Raza Habib: Just for people who might not know, do you want to give the 101 on RAG briefly?

Cai Gogwilt: Absolutely. RAG, or retrieval-augmented generation, is this technique whereby you can put in a large amount of text that the large language model wouldn't be able to otherwise process, and then use embeddings to pull out the most relevant context, retrieve the most relevant context, and then give that to the LLM to answer a question based on that context. I've heard it referred to as expanding the context window of the LLM, which may be less and less necessary with the existing context windows.

Raza Habib: Some combination, I guess, of search and generation, Perplexity being the prototypical example. But maybe that RAG system didn't work for you guys. Yeah.

Cai Gogwilt: It worked fine, actually. Seeing that RAG was this great solution and seeing so many solutions being built around it, we thought, this will be great for our customers. So let's start building it. But instead of just building RAG, let's actually go further. And we were also inspired by the React paper and this idea that LLMs could learn to use tools. And so we started working on AI agents instead of working on RAG.

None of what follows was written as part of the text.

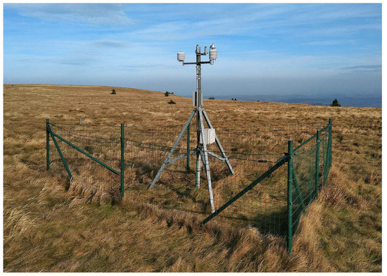 The Vysoká hole station (1464 m a.s.l.) was the only one built by Masaryk University (Brno, Czech Republic) and put into operation on the 7th of October 2017 (see Figure 2). The station was situated at the top of the mountain Vysoká hole (the Hrubý Jeseník Mts.) above the timberline surrounded by alpine grassland and a small dwarf pine plantation. This plantation has now disappeared, and the station is surrounded only by alpine grassland. One of the purposes of the station was to obtain relevant microclimate data representing the alpine grassland area within the ECOPOLARIS research project. The station measures mean, maximum and minimum temperatures (°C) at 2 m’ height in 10-min intervals using an EMS33R sensor (EMS Brno, Czech Republic) with an accuracy of ±0.15 °C. The temperature sensor was placed in a naturally ventilated radiation shield and calibrated regularly every year. The station fulfills the same technical demands as the stations within the CHMI network. Moreover, according to the World Meteorological Organization’s (WMO) Guide to Meteorological Instruments and Methods of Observation [43], the station meets most WMO requirements. Therefore, the station appropriately complements the relatively sparse meteorological station network above 1000 m a.s.l. both in the northern Moravian region and the Czech mountains generally.

25:34 Exploring RAG and REACT for AI Applications

Raza Habib: You leapfrogged all the way.

Cai Gogwilt: Yeah, we were kind of like, okay, when you're building in a more sensitive environment or a more enterprise environment, you can't release things just immediately. And so we tried to think, okay, what's that one step further so that when we decided to release our next feature, the rest of the world will be there with us as opposed to three months ahead.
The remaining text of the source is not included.